Clinton Eases Democratic Pain

Former President Bill Clinton laid out the Democratic battle plan Tuesday in a speech to moderate Democrats in which he critiqued what went wrong on Election Day.

"We have a heavy responsibility to cooperate in uniting this country on security issues, and also to come up with better ideas across the board,'' Clinton told about 200 members of the Democratic Leadership Council, the organization he helped found back in 1984 and then used to propel him to a White House victory a decade ago. "We don't have to be more liberal, but we do have to be more relevant in a positive way."

Echoing the recent media criticism by former Vice President Al Gore and Senate Majority Leader Tom Daschle of South Dakota, Clinton partly blamed Democratic defeats on what he believes is a Republican-influenced media. However, he cited only the Wall Street Journal by name.

"Democrats have to have ideas to win. Republicans will always have more money, more powerful interest groups, the fervor of right-wing emotions," he said. "They have an increasingly right-wing and bellicose conservative press."
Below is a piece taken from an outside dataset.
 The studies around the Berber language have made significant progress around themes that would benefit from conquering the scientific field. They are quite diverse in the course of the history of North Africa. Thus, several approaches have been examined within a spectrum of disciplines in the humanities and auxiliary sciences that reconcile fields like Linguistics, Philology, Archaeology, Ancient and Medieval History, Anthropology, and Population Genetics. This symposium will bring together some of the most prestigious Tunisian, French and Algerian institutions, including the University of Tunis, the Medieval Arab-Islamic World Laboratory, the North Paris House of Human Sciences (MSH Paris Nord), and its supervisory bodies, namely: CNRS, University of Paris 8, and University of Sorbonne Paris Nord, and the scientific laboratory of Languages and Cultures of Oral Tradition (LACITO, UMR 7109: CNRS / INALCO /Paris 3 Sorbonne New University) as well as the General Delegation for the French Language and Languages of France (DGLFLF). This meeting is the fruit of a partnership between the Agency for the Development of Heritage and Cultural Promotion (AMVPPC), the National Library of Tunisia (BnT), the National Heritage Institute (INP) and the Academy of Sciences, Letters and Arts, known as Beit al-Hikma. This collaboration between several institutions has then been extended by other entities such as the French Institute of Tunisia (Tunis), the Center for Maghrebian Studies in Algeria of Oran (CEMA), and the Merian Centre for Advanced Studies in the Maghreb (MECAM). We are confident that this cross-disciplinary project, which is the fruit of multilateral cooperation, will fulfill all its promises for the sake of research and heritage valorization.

Clinton, who was a frequent campaigner on the Democratic election trail this fall, said Democrats lost on "message, money and turnout."
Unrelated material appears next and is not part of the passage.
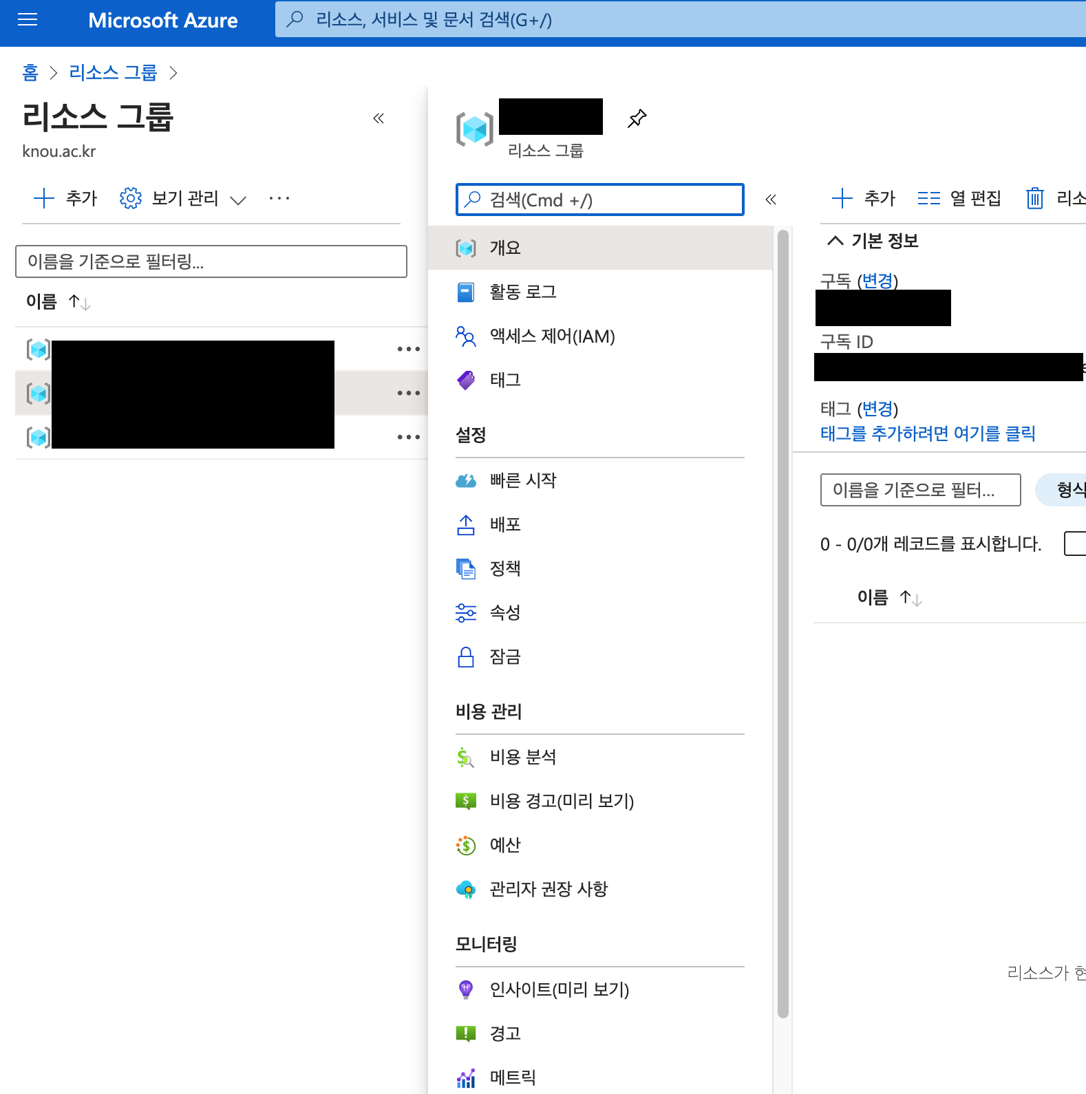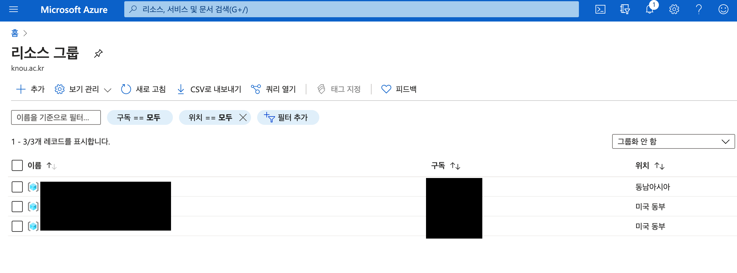 리소스 그룹명 확인

"The problem with our message was that to weak Democrats and independents, we were MIA on national security and we had no positive plan for America's domestic future. It's not fair to say we were missing in action on national security. The Democrats supported the president in the war against terror."

Referring to the recently established Cabinet-level Homeland Security Department, Clinton said the administration has to do more than just reorganize the government. It has to put forward plans like those proposed by Democrats that are aimed at protecting the nation's bridges, tunnels and infrastructure from would-be terrorist attacks.
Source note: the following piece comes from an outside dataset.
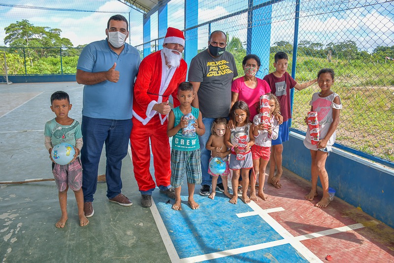 Em comemoração ao Natal, o Prefeito Clodoaldo Rodrigues realizou na última semana a entrega de brinquedos para crianças da zona rural do município, nas Vilas Santa Luzia, Santa Rosa, São Pedro, Assis Brasil, Liberdade e Pentecostes. Mais de 3 mil presentes foram adquiridos e distribuídos entre as crianças. A festa contou com a presença do Papai Noel, que levou alegria durante a festa natalina. Clodoaldo esteve presente em cada um dos locais, participando da entrega dos brinquedos.

He urged Democrats to unite and fight back against Republican attacks and urged them to discuss more about the faltering economy.

"We've got to look strong. When people feel uncertain, they would rather have someone who is strong and wrong than weak and right," he said.

Clinton was reflective and philosophical in his off-the-cuff, hour-long speech in which he spoke on topics ranging from tax cuts to the Peace Corps. He said that while Iraq is clearly an important issue, the more pressing priority is the threat to the nation posed by Al Qaeda and pointed to the recent attacks in Kenya and the bombing of a Bali nightclub as proof of their continued strength.